• **Activity**
Reproduce all the records word for word. Omit images.

• **Data under study**
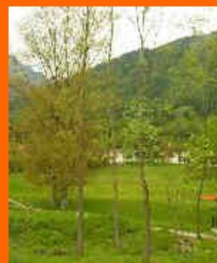
dall'area di sosta di Roncoi

collegarsi poi alle pagine San Gregorio e dintorni con interessanti proposte di percorsi e sentieri ai margini del Parco delle
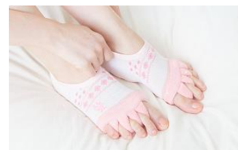
足指のリラックスアイテム
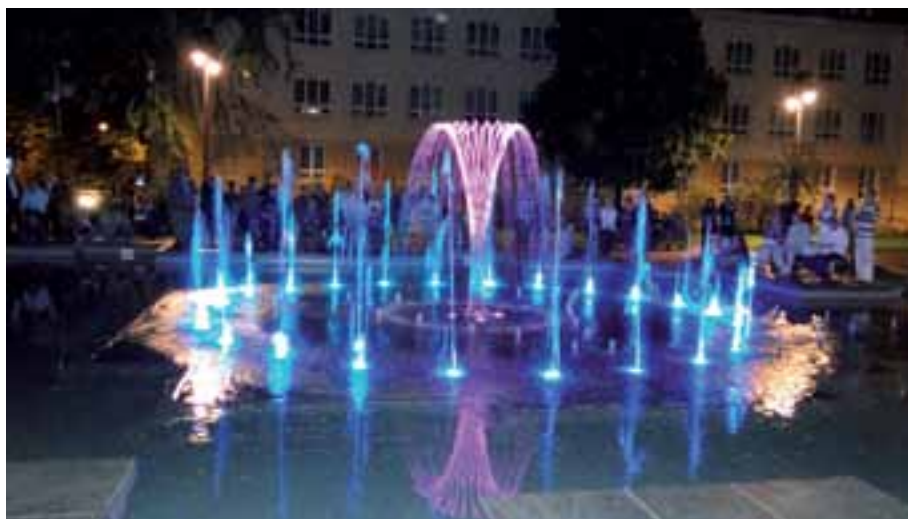
48. Po koncercie – widowisko „Woda, światło, dźwięk” przy fontannie „Kolorowy strumień wody” i tak potrzebny relaks.
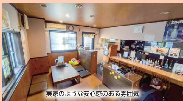
実家のような安心感のある雰囲気

• **Answer to the problem**
dall'area di sosta di Roncoi

collegarsi poi alle pagine San Gregorio e dintorni con interessanti proposte di percorsi e sentieri ai margini del Parco delle
足指のリラックスアイテム
48. Po koncercie – widowisko „Woda, światło, dźwięk” przy fontannie „Kolorowy strumień wody” i tak potrzebny relaks.
実家のような安心感のある雰囲気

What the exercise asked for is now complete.